Bacterial strains and mutagenesis
The model organism N. meningitidis 8013 was used to engineer a strain lacking the NMA1982 ortholog NMV0640. NEM8013 is a piliated and capsulated Opa- variant of the serogroup C strain 2C4.3. The NMV0640 gene was disrupted by inserting an aphA-3 cassette (kanamycin resistance) in the coding region using PCR overlap and the following primers: Upstream to NMV0640, 5’-GCCGTCTGAAACTCGTGGAACGTCAAATCC-3’ and 5’-CAGCTCATTACTGTTTGATTTGGGCGAAG-3’; aphA-3 cassette, 5’-CAAACAGTAATGAGCTGATTTAACAAAAATTTAACGCG-3’ and 5’-GACGGGATATCAGAAGAACTCGTCAAGAAGGCG-3’; downstream to NMV0640, 5’-TCTTCTGATATCCCGTCCTTGCCTATTG-3’ and 5’-TTCAGACGGCGCAGACAAACAAGCAGGACA-3’. Insertion of the aphA-3 cassette was verified by PCR and the lack of protein expression was confirmed by SDS-Page and Western blotting.

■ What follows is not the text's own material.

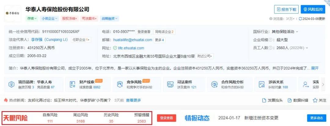 天眼查平台信息显示,华泰人寿周边风险高达3000余项。从诉讼情况来看,2021年以来,华泰人寿作为被告,所牵涉的案件也在明显增长。

Preparation of supernatant and analysis
Wild type 2C4.3 strain and its derivative lacking NMV0640 were grown in 50 mL of Dulbecco's Modified Eagle Medium (DMEM) for 2 h (from OD600 = 0.05 to OD600 = 0.2). Bacteria were centrifuged for 15 min at 4,000 rpm and the resulting media were filtered (0.22 µm pore size, Filter System, Corning). Supernatants were concentrated 200x using an UltraCell-3K column (Amicon). The resulting fraction contained proteins and potentially outer membrane vesicles. 10 µg of a whole cell lysate and 5 µL of concentrated supernatant were studied by SDS-Page and immunoblotting using the following antibodies: polyclonal rabbit anti NMA1982/NMV0640 (#11230), monoclonal mouse anti-PilE (clone SM1, generously provided by Dr. Mumtaz Virji), monoclonal mouse anti-RMP4 (Coureuil/Nassif laboratory), monoclonal mouse anti-nicotinamide adenine dinucleotide phosphate (NADP) glutamate dehydrogenase (Coureuil/Nassif laboratory), and secondary antibody anti-IgG (anti-mouse or anti-rabbit, Invitrogen #31430 and #31460) coupled to Horse Radish Peroxidase.